Account takeover. OWASP lists two types of cyber threats that constitute an account takeover. These are credential cracking and credential stuffing. The former refers to the identification of valid login credentials by using various values for hte usernames and passwords. The latter entails mass login attempts to determine the validity of stolen usernames and passwords.
Fake account creation. As the phrase implies, this attack results in the creation of new accounts, often in bulk. There are also instances when this attack comes with profile population or the filling out of details in account's profile to create some semblance of legitimacy. The newly created accounts are then used for various abusive or cybercriminal activities including spamming, cash laundering, malware distribution, and fake reviews and surveys.
What makes these attacks human-like is that their symptoms resemble those of human-driven attempts to breach security systems. In automated account takeovers, for example, the indications of the attack include a high number of failed login attempts, increased reports of account hijacking, and sequential attempts to log in to an account using different sets of credentials from the same HTTP client.
In the case of fake account creation, the attack signs are comparable to the common activities of politically-motivated trolling operations or overeager "fandoms" (fan groups of celebrities) who are trying to sway public opinion, create an impression of mass support, or make it appear like someone is receiving heavy disapproval and criticism. These are common activities of real people online, which can now be simulated by bots.
For carding, the symptoms point to a scenario wherein someone tries to use a credit card numerous times but keeps getting rejected.

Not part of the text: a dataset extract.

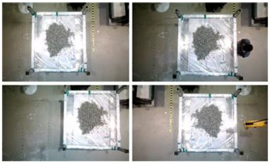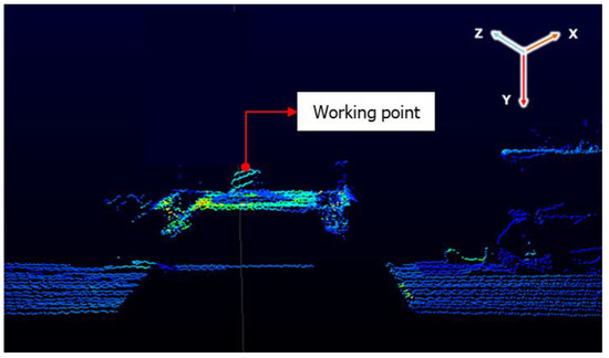 In addition to a cargo hold detection system, the creation of an operational point determination system for an automatic GTSU is a crucial undertaking in contemporary seaport operations. The Programmable Logic Controller (PLC) system calculates and manages the position of the trolley and grab for material loading and unloading. This ensures that the GTSU runs with maximum efficiency and accuracy. The system optimizes efficiency by automating the identification of the working location, reducing human error, accelerating the cargo transfer procedure, and improving overall production. By integrating cutting-edge technology like sensors and AI algorithms, this system can evaluate situations in real time and adapt the operations of the GTSU in dynamic contexts. A well-calibrated working point determination system is crucial for the smooth automation of the complete GTSU operation. Thus, in order to develop a functional point extraction model, the authors employed a LiDAR sensor to perform a scan of the material area. The data obtained from the LiDAR sensor consisted of point clouds, as depicted in Figure 14. A point cloud refers to a set of data points that exist in space. Point clouds are commonly utilized in computer graphics, computer vision, and geospatial sciences [24]. These points generally depict the outer surfaces of things, offering a three-dimensional representation. Point clouds, which are essential for creating digital 3D models of real-world settings or objects, are produced through the use of 3D scanners or photogrammetry tools that analyze aerial photos. Consequently, this can facilitate the provision of information regarding the state of materials in the ship’s hold.

It's like a typical hacker who tirelessly tries many things to access an account and use its different functions in an unauthorized manner.
Addressing the problem
In an interview at the 2020 RSAC, anti-fraud and bot mitigation expert Tamer Hassan shared his take on the growing presence of human-like bots. "If you can look like a million humans, what can you do? And the answer is: a lot of things, and it ranges from everything from account takeover and financial fraud to changing the popularity of something."

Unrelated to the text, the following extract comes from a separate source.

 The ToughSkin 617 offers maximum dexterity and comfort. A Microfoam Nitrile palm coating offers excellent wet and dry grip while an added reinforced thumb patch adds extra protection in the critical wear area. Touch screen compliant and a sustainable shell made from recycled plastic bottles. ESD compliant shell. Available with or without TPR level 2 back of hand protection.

Online fraud powered by "smart" bots capable of simulating human actions is a complex problem. As such, it requires solutions that treat the problem as if they were really human-initiated. Filtering IP addresses identified as botnet herders' IPs no longer works.
Nevertheless, there are many solutions to address these evolving threats effectively. Security firm Imperva cites a number of these proven protective measures: the use of multi-factor authentication, device fingerprinting, browser validation, machine learning behavior analysis, reputation analysis, and enhanced API security. However, doing all of these one-by-one can be tedious and inefficient.
There's a need for something, a bot management system vs. carding online fraud for instance, that integrates most of the above-mentioned measures. Bad bots can repeat their attacks ceaselessly and tirelessly, so they should be addressed by something that can go toe-to-toe with their boundless recurrence.
Online fraud continues to be a serious cyber threat. COVID-19 failed to slow the attacks down. The pandemic has even become a tool to boost the effectiveness of some fraudulent schemes such as the bogus websites, fake apps, money muling, and deceptive investment opportunities.
The prevalence of human-like bots is an unwelcome complication. Nevertheless, online fraud through human-like bots is not unpreventable. With the right automated system backed by machine learning and other anti-bot measures, organizations can get the adequate protection they need. If these bad bots evolve, the solutions to defeat them can do the same.